Un contrôle satisfaisant de la douleur était obtenu chez les trois
quarts des patients. Pour le dernier patient, aucun signe de récidive n’était noté après un an de suivi. La simplicité de la radiofréquence et sa faible morbidité suggèrent d’évaluer maintenant
la radiofréquence sur une série plus importante de patients afin
de confirmer ces résultats encourageants.
DANS LE CADRE DES MALADIES
INFLAMMATOIRES DE L’INTESTIN
Il est habituel de réaliser une iléostomie temporaire lors d’une
anastomose iléo-anale (AIA), afin de limiter les conséquences
S
d’une éventuelle fistule anastomotique. La lourdeur de ce schéma
thérapeutique a suggéré à l’équipe de Fazio d’évaluer les résultats de l’AIA sans iléostomie faite dans 228 cas sélectionnés, et
de les comparer à ceux de 1 772 AIA avec iléostomie. Bien que
comportant les biais d’une étude rétrospective (les patients obèses,
ayant suivi une corticothérapie au long cours, à haut risque de
complications septiques postopératoires, ayant tous une iléostomie...), la morbidité était significativement plus faible en cas
d’AIA sans iléostomie pour le taux d’occlusion sur bride (10 versus 20 %), de sténoses anastomotiques (9 versus 22 %), de sepsis
pelvien (3 versus 7 %), et de perte du réservoir (0,5 versus 2 %).

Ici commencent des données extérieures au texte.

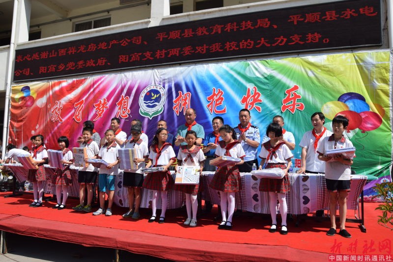 平顺县阳高乡中心校为了热烈欢庆一年一度的“六一国际儿童节”,校方特邀平顺县科教局局长马玉和同志、科教局主任贾正罡同志、山西祥龙房地产开发有限公司总经理李庆红同志、平顺县水电集团公司总经理段明亮同志、阳高乡党委书记桑红亮同志、阳高村村民委员会主任田勇同志、平顺县公安局阳高派出所所长石磊同志,以及有关单位的领导同志参加了这场“放飞梦想 拥抱快乐”庆祝六一国际儿童节活动。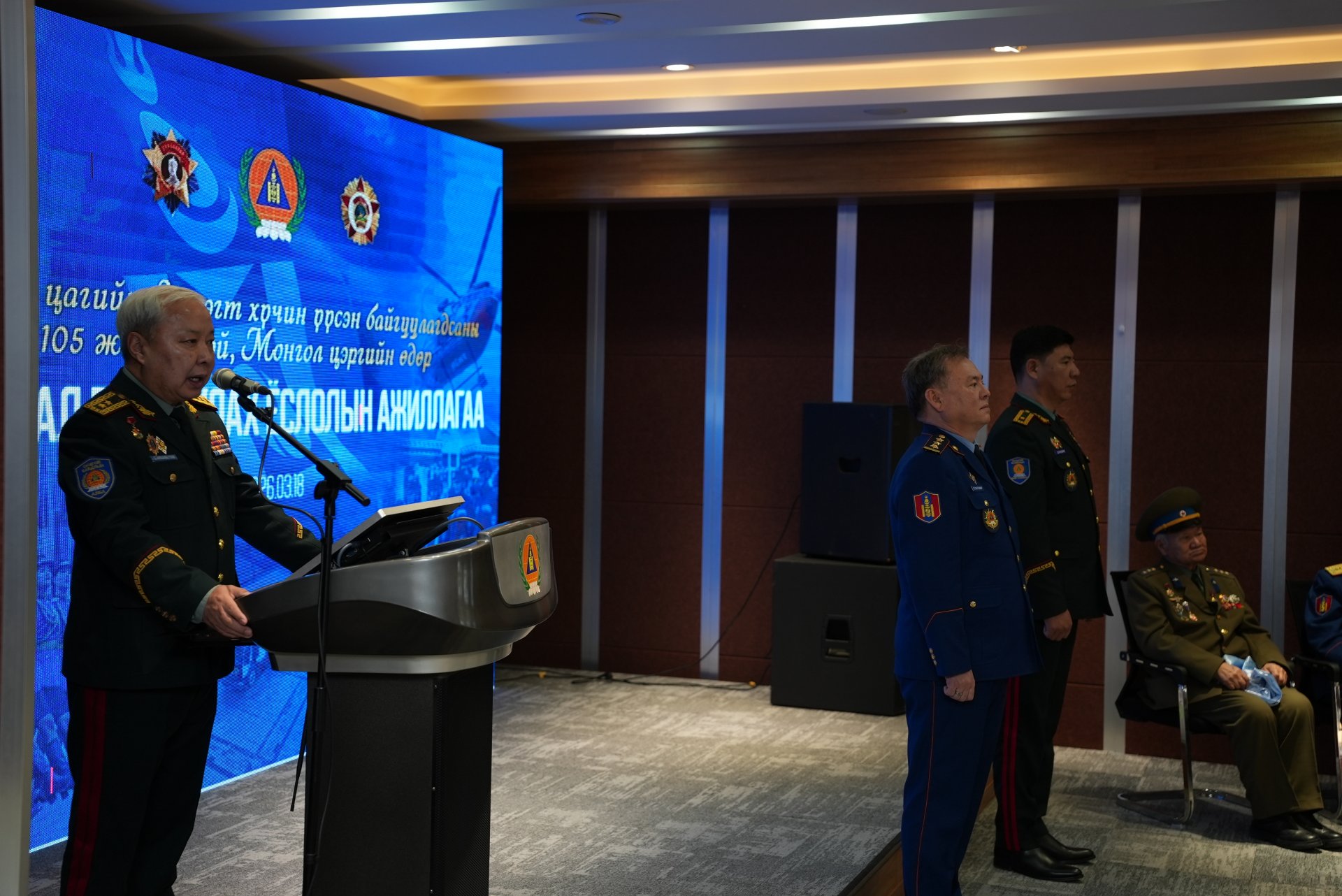 Монгол Улсад орчин цагийн Зэвсэгт хүчин үүсэж хөгжсөний түүхт 105 жилийн ой, “Монгол цэргийн өдөр”-ийг тохиолдуулан Монгол Улсын ерөнхийлөгчийн зарлигаар “Үйлчилгээний гавьяат ажилтан” цол хүртсэн ОБЕГ-ын ахмад ажилтан, бэлтгэл хурандаа Г.Чулуунд ОБЕГ-ын дарга, хошууч генерал Г.Ариунбуян хүндэтгэл үзүүллээ.
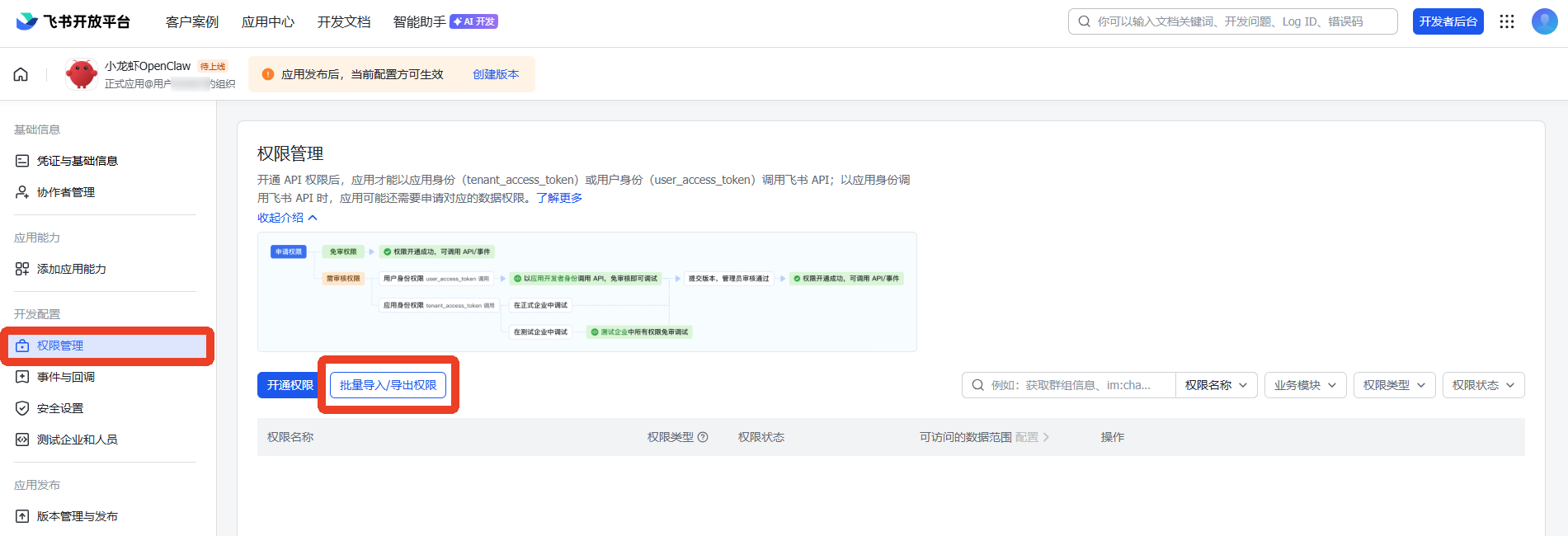 在“权限管理”页面,点击“批量导入”按钮,粘贴以下JSON 配置一键导入所需权限: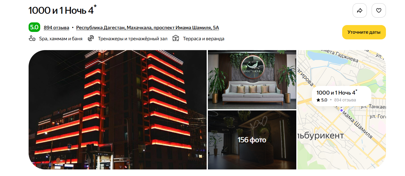 1. 1000 и 1 Ночь 4* — лучший городской отель в Махачкале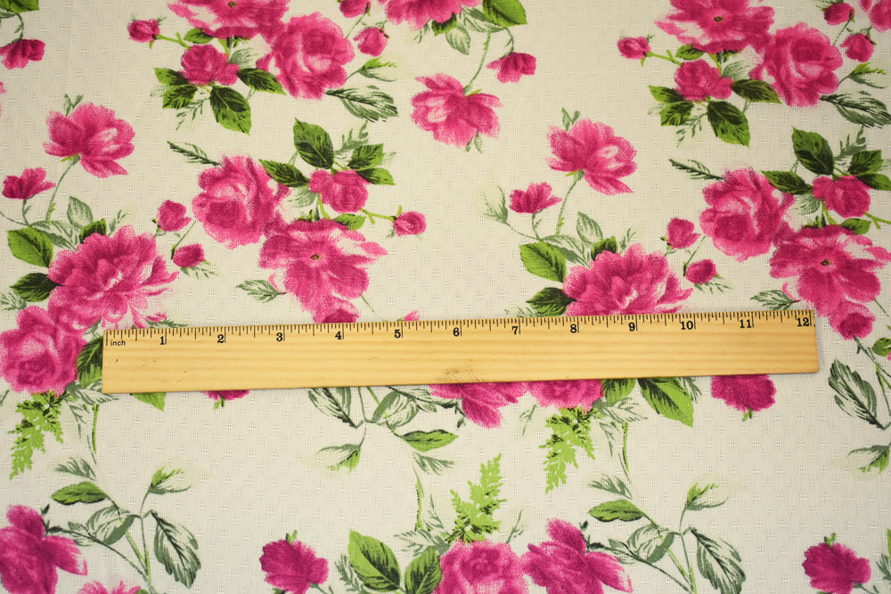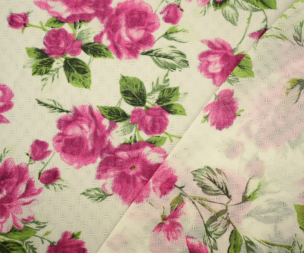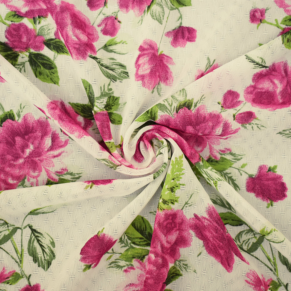 Pink-White-Green Floral Printed Poly Dobby Chiffon Woven Fabric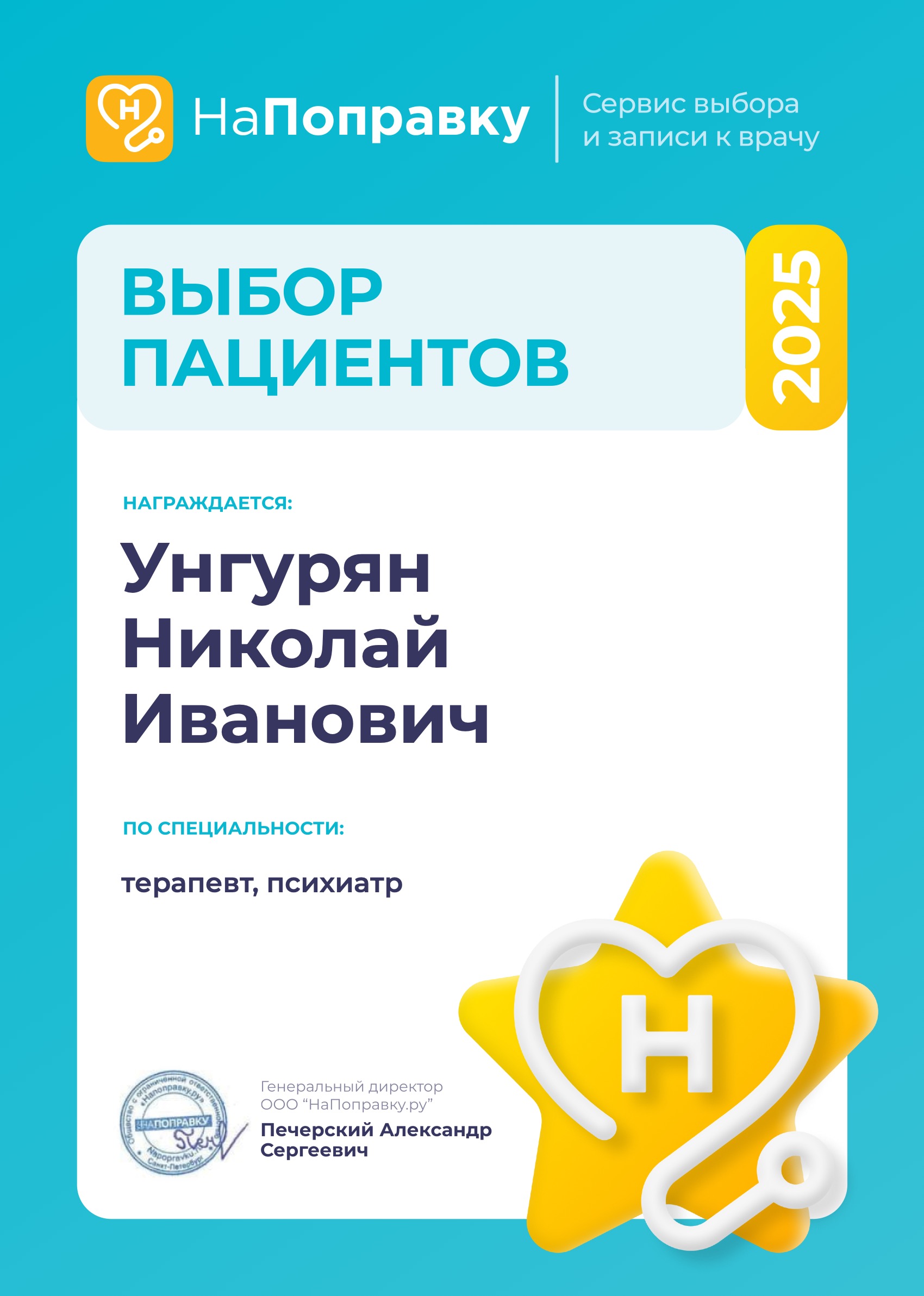 Обратились к Николаю Ивановичу полгода назад. Он очень тщательно и с пониманием отнёсся к нам. После разговора мы осознали нашу проблему и решили наблюдаться у доктора. Объяснил все нюансы нашего диагноза и начал лечение. Дочь стала меняться буквально с первого приема. Перестала употреблять, и уже пол года не замечена. Стала исправлять учебу в школе и поменяла круг друзей. После каждого приема приходит с новыми, правильными мыслями и реализует их. Лечение назначено грамотно. Были страхи побочных явлений от препаратов, но их не оказалось, за это особое спасибо, что учли наше пожелание и страхи. Спасибо Николаю Ивановичу!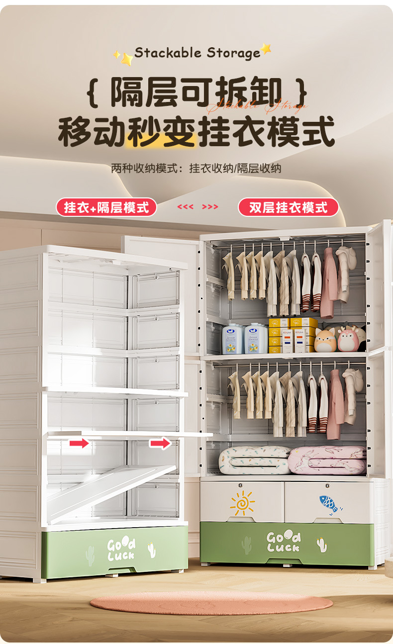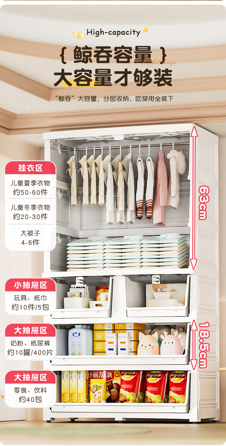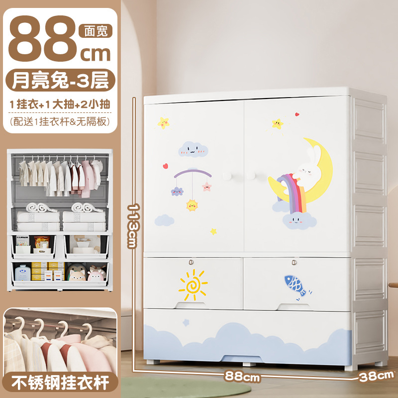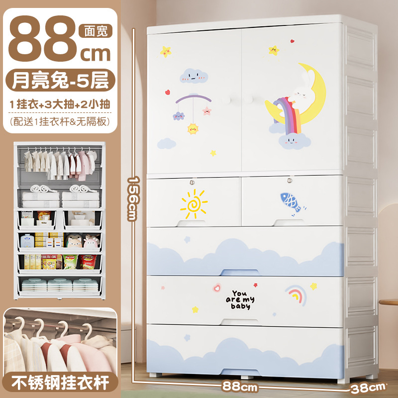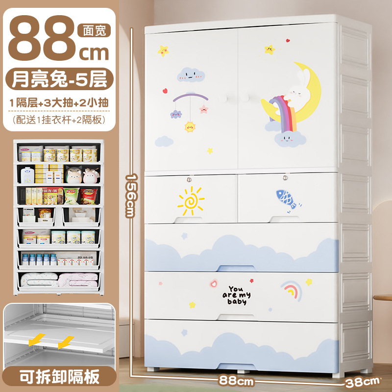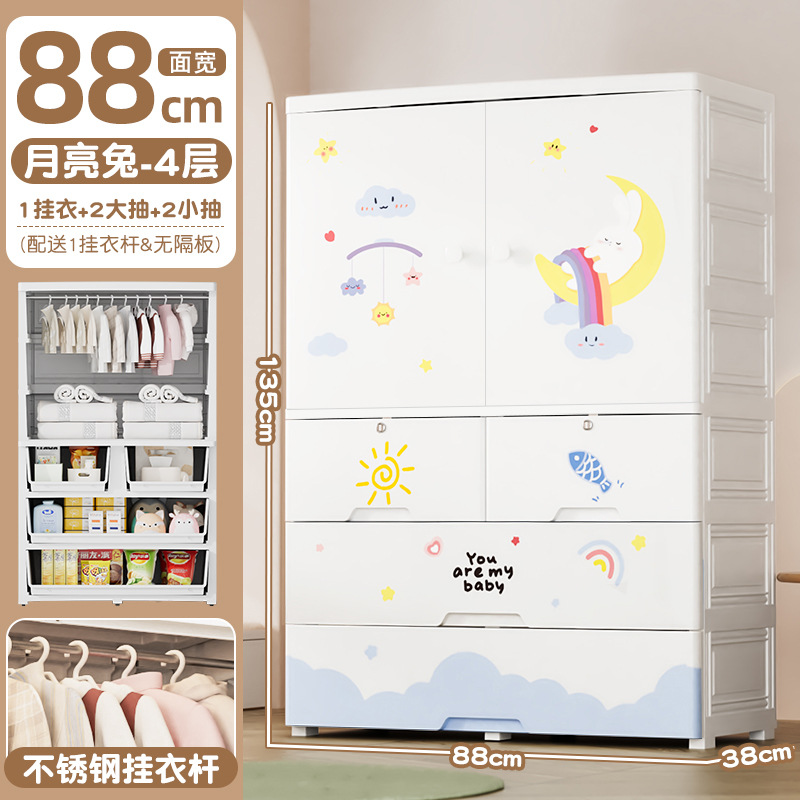 초대형 더블 도어 어린이 옷장 가정용 침실 플라스틱 만화 저장 캐비닛 다기능 서랍 유형 보관스토어 가기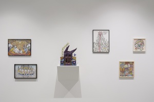 Kenjiro Hosaka, Senior Researcher of The National Museum of Modern Art, Tokyo mentions the influence of Art Brut, Outsider Art, Folk Art, and Australian artist Gugging’s work on Miyake’s practice.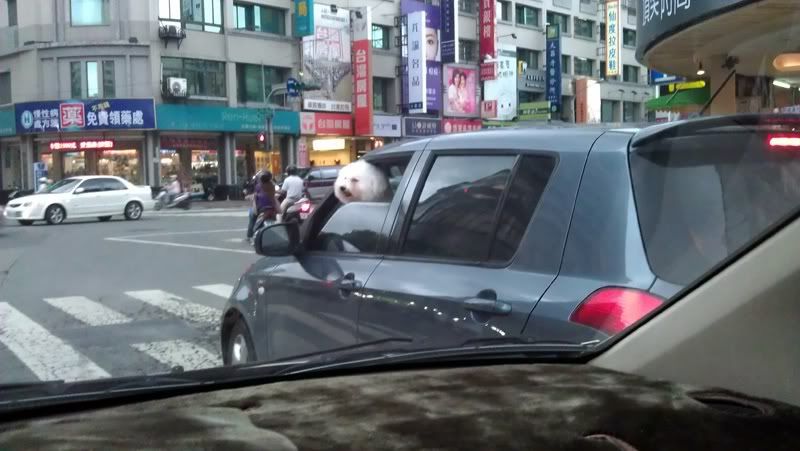 停紅燈時稍微往前半個車身,剛好都是 看到女駕駛把狗放在身上,不要命 ![]() |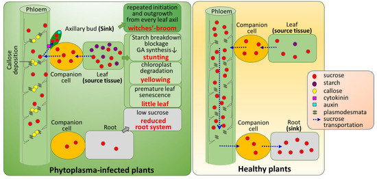 To reach this goal, in the present study, sugar content was measured in different tissues of PPT phytoplasma-infected tomato plants. In addition, the spatiotemporal distribution patterns of auxin and cytokinins were also investigated by employing transgenic auxin and cytokinin reporter lines. The results indicated that sugar metabolism was severely impaired and sucrose transportation through phloem was impeded, which led to sucrose reallocation to new sink tissues (leaf axils and axillary buds). Reduced phloem translocation due to the reduction of sieve pores caused by excessive callose deposition also demonstrated impaired sugar transport. Transmission electron microscopy (TEM) revealed that the starch breakdown was inhibited, and the degradation of chloroplasts occurred in the infected source leaves. The levels of cytokinins elevated in the leaf axils, which favored the initiation of new lateral buds. Based on these results, a working model was proposed to elucidate how a phytoplasma infection impairs sugar metabolism and transportation in plants, leading to leaf chlorosis, little leaf, stunting, root system reduction, and WB symptoms.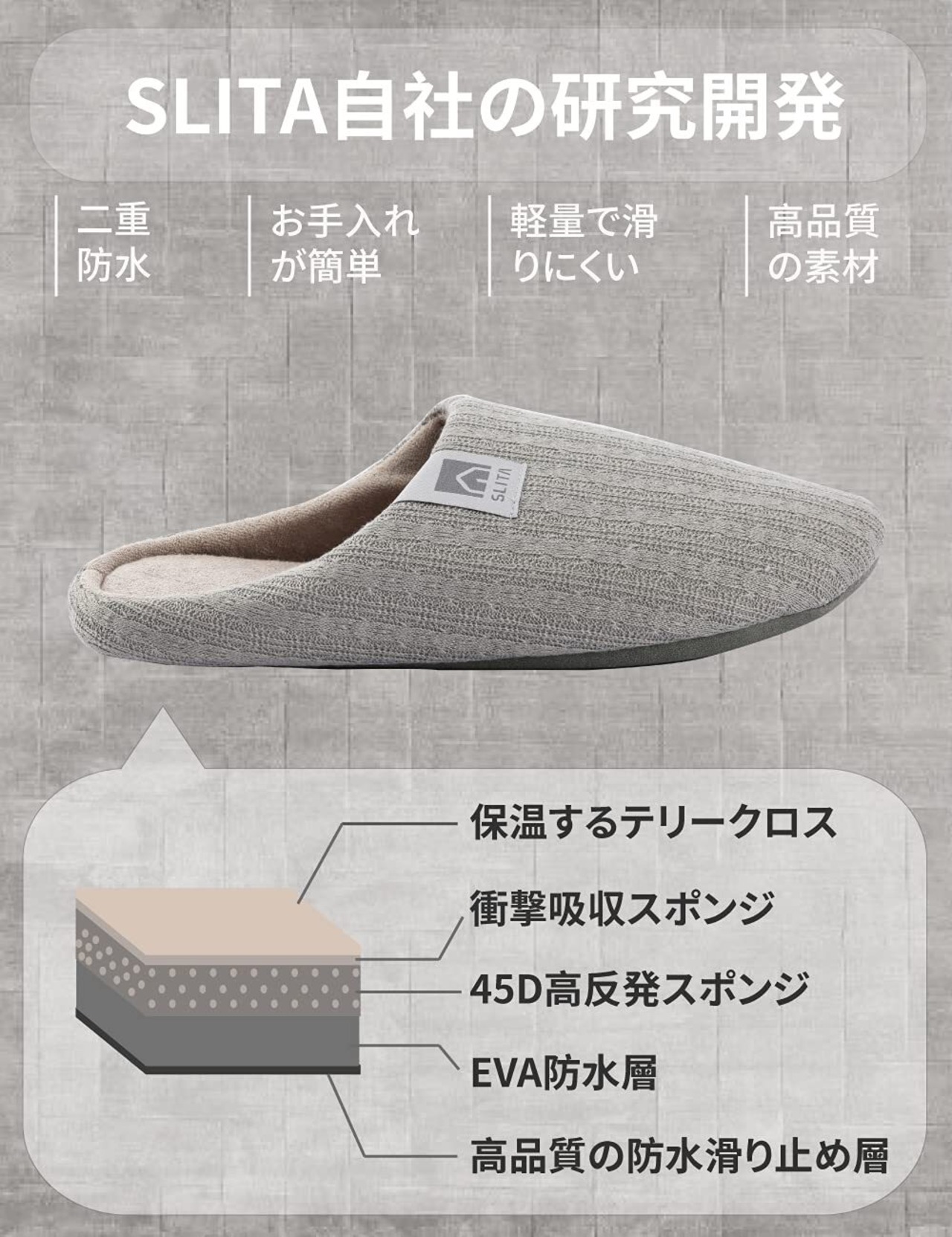 【快適な4層保護】:テリークロス保温層、45D高反発スポンジ層、EVA防水層と滑り止め静音層を採用することで、滑りの心配がなく、お手入れが簡単でルームシューズに最適!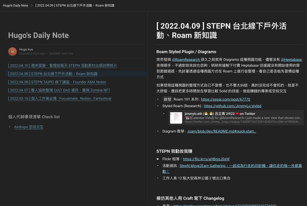 Roam 則是太多破碎的想法紀錄,有些又是個人淺薄的思考 不太想被檢驗跟評價;如果 Roam 共享出來就幾乎沒隱私了,真的太多事我都會紀錄在上面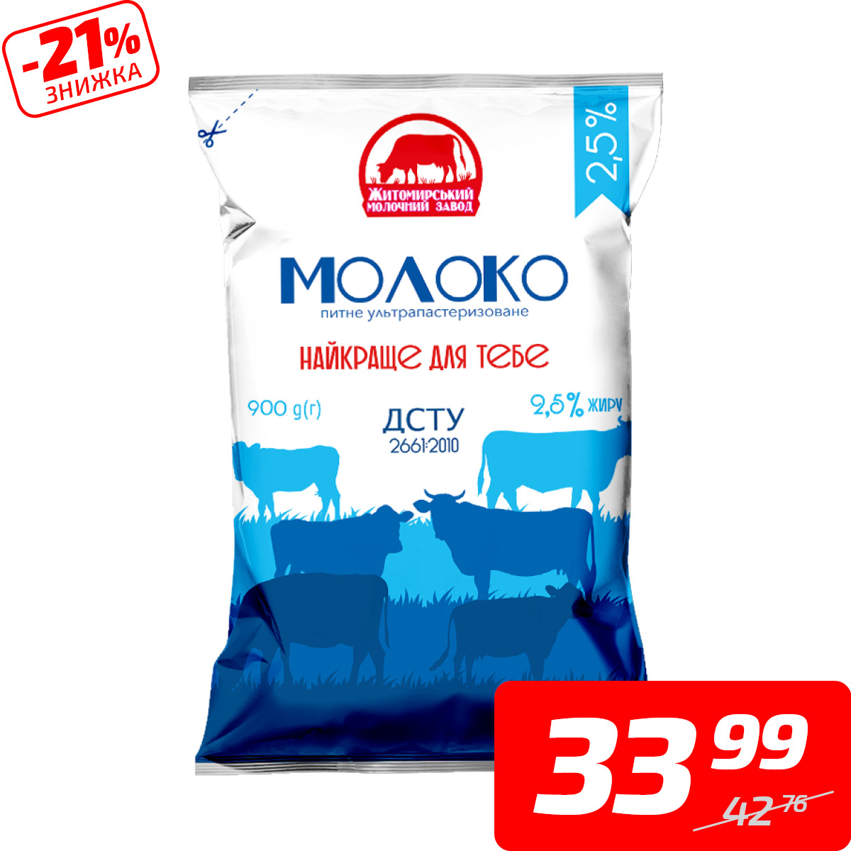 Молоко ультрапастеризоване, 2,5%, ТМ «Житомирський молочний завод», 900 г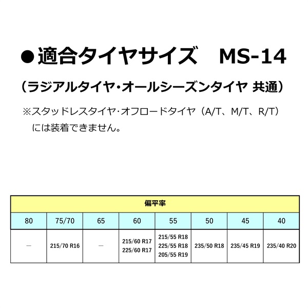 ●タイヤサイズに適合した品番であることをご確認ください。また、タイヤサイズが同じでもメーカーやブランドによって装着困難なケースがありますので、ご使用前に着脱練習も兼ねて必ずテスト装着を行ってください。

Attendons néanmoins une étude randomisée avant de s’enflammer (comme les réservoirs...) !
Une équipe de Louisville a analysé les résultats de l’AIA dans la
maladie de Crohn en fonction de la présence ou non de granulome sur la pièce de colectomie. Parmi les 22 patients opérés,
42 % présentaient lors du suivi une récidive de la maladie de
Crohn sur l’intestin restant (dont 3 nécessitaient, à terme, une
iléostomie définitive : 1 avec granulome et 2 sans). Les auteurs
concluaient que l’AIA peut être réalisée dans des cas sélectionnés de maladie de Crohn sans atteinte de l’anus ou du grêle (satisfaction du rédacteur...), sans que la présence d’un granulome ne
modifie l’histoire de la maladie. L’AIA mécanique continue à
rogner des parts de marché à l’anastomose manuelle. On savait
déjà qu’elle était plus facile à réaliser. À partir d’une série de
426 AIA manuelles comparée à 1 756 AIA mécaniques, l’équipe
de Fazio a montré que le résultat fonctionnel à 5 et 10 ans était
significativement meilleur en cas d’AIA mécanique (moins d’incontinence, de fuites diurnes et nocturnes, et de selles nocturnes),
mais la qualité de vie était équivalente entre les deux techniques.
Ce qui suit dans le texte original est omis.